▶ SUPPLIED DATA
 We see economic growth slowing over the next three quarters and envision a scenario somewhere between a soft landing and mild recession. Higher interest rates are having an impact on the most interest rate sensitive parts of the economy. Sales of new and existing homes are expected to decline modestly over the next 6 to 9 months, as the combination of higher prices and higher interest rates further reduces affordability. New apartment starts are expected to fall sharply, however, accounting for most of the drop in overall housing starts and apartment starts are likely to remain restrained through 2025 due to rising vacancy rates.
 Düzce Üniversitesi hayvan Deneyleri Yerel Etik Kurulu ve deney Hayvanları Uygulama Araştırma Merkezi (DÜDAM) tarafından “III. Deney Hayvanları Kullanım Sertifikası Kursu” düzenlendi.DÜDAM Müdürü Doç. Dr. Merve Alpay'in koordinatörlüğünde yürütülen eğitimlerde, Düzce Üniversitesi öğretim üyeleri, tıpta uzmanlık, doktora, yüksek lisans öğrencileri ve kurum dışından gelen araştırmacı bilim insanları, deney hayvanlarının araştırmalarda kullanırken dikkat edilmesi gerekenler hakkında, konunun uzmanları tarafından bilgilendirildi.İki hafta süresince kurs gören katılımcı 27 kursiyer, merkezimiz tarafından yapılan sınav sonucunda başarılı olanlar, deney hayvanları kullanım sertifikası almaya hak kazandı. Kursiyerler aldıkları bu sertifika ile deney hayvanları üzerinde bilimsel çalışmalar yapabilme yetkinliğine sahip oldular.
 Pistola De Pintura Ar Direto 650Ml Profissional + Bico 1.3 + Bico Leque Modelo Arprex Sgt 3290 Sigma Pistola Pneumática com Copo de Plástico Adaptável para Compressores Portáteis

▶ PROBLEM DETAILS
Write the data out again in full. Match it word for word.

▶ SOLUTION
 We see economic growth slowing over the next three quarters and envision a scenario somewhere between a soft landing and mild recession. Higher interest rates are having an impact on the most interest rate sensitive parts of the economy. Sales of new and existing homes are expected to decline modestly over the next 6 to 9 months, as the combination of higher prices and higher interest rates further reduces affordability. New apartment starts are expected to fall sharply, however, accounting for most of the drop in overall housing starts and apartment starts are likely to remain restrained through 2025 due to rising vacancy rates.
 Düzce Üniversitesi hayvan Deneyleri Yerel Etik Kurulu ve deney Hayvanları Uygulama Araştırma Merkezi (DÜDAM) tarafından “III. Deney Hayvanları Kullanım Sertifikası Kursu” düzenlendi.DÜDAM Müdürü Doç. Dr. Merve Alpay'in koordinatörlüğünde yürütülen eğitimlerde, Düzce Üniversitesi öğretim üyeleri, tıpta uzmanlık, doktora, yüksek lisans öğrencileri ve kurum dışından gelen araştırmacı bilim insanları, deney hayvanlarının araştırmalarda kullanırken dikkat edilmesi gerekenler hakkında, konunun uzmanları tarafından bilgilendirildi.İki hafta süresince kurs gören katılımcı 27 kursiyer, merkezimiz tarafından yapılan sınav sonucunda başarılı olanlar, deney hayvanları kullanım sertifikası almaya hak kazandı. Kursiyerler aldıkları bu sertifika ile deney hayvanları üzerinde bilimsel çalışmalar yapabilme yetkinliğine sahip oldular.
 Pistola De Pintura Ar Direto 650Ml Profissional + Bico 1.3 + Bico Leque Modelo Arprex Sgt 3290 Sigma Pistola Pneumática com Copo de Plástico Adaptável para Compressores Portáteis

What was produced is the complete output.